# MKIV Jetta: Brake lights stay on on, replaced BLS, EPC on?



## WMP (Aug 4, 2002)

Hi guys!
So I read Gary's DIY thread about properly replacing the brake light switch w/o breaking it and followed the instructions exactly. Old switch didn't appear to be broken and the new one was installed correctly.
http://forums.vwvortex.com/zerothread?id=1158315
The brake lights still stay on even if the pedal is not depressed, including third brake light on wagon hatch. This is annoying, not only because the lights are always on, but because it's dangerous for drivers behind me.
I should note that the brake lights do not stay on with the light switch turned to the 'off' position. Also, one of my headlight turn signals comes on when the lights are 'on' and I depress the brake pedal.
Ideas???


----------



## dennisgli (May 17, 2003)

*Re: MKIV Jetta: Brake lights stay on on, replaced BLS, EPC on? (WMP)*

So back up - why did you replace the brake light switch?


----------



## WMP (Aug 4, 2002)

*Re: MKIV Jetta: Brake lights stay on on, replaced BLS, EPC on? (dennisgli)*

Dennis,
I replaced the BLS because with the OE control switch in the 'on' position, all three brake lights remain lit w/o even touching the brake pedal.
Of course I assumed this to be a faulty BLS, however upon purchasing and installing a brand new BLS (late revision turquoise), the problem was still there.
I followed Gary's thread closely and from what I can tell neither of the BLS are broken as they both lock and unlock easily and both have adequate spring tension.
Gary seems to think it may be a faulty control module along the wiring harness.

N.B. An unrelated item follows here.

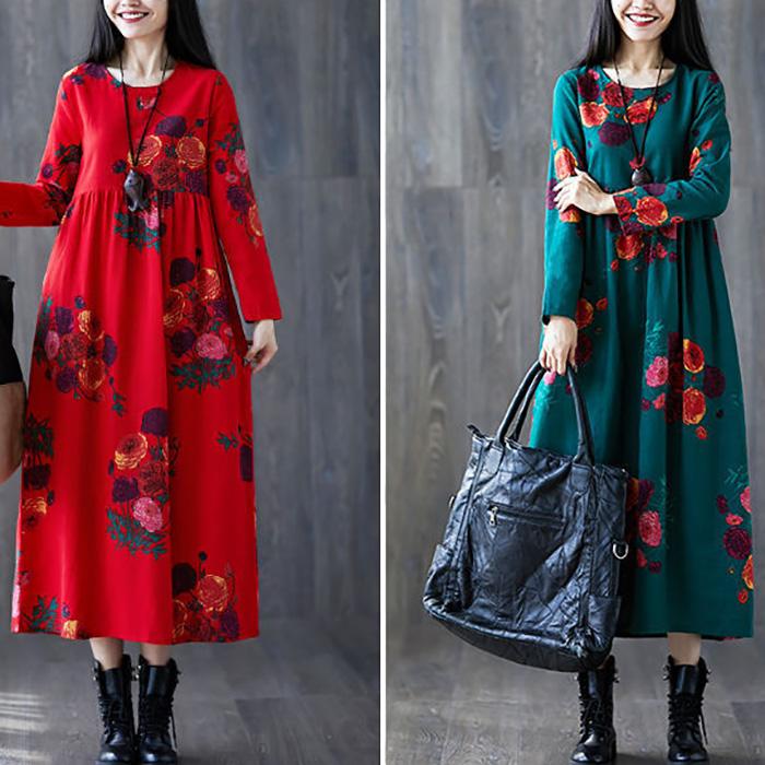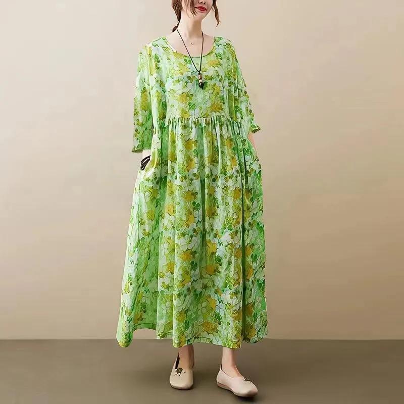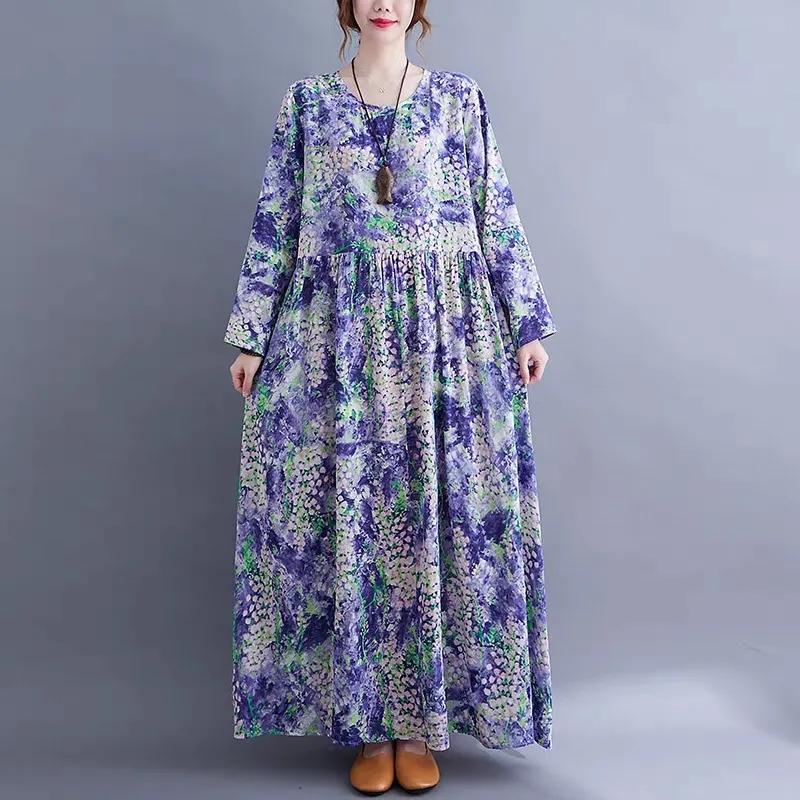 Женское весенне-осеннее платье с длинными рукавами, свободная ретро-юбка большого размера в этническом стиле с длинным принтом, новая юбка-трапеция

Any ideas before I call the dealer?
Thanks.


----------



## Zakesmbu (Mar 12, 2021)

I have a jetta 6 1.4tsi, EPC LIGHT is showing in the dash,car hasitates sometimes, and it wll go limp mode, brake lights are not working so BLS was changed but now the brake lights stay lit when turning the ignition without even pressing the brake


----------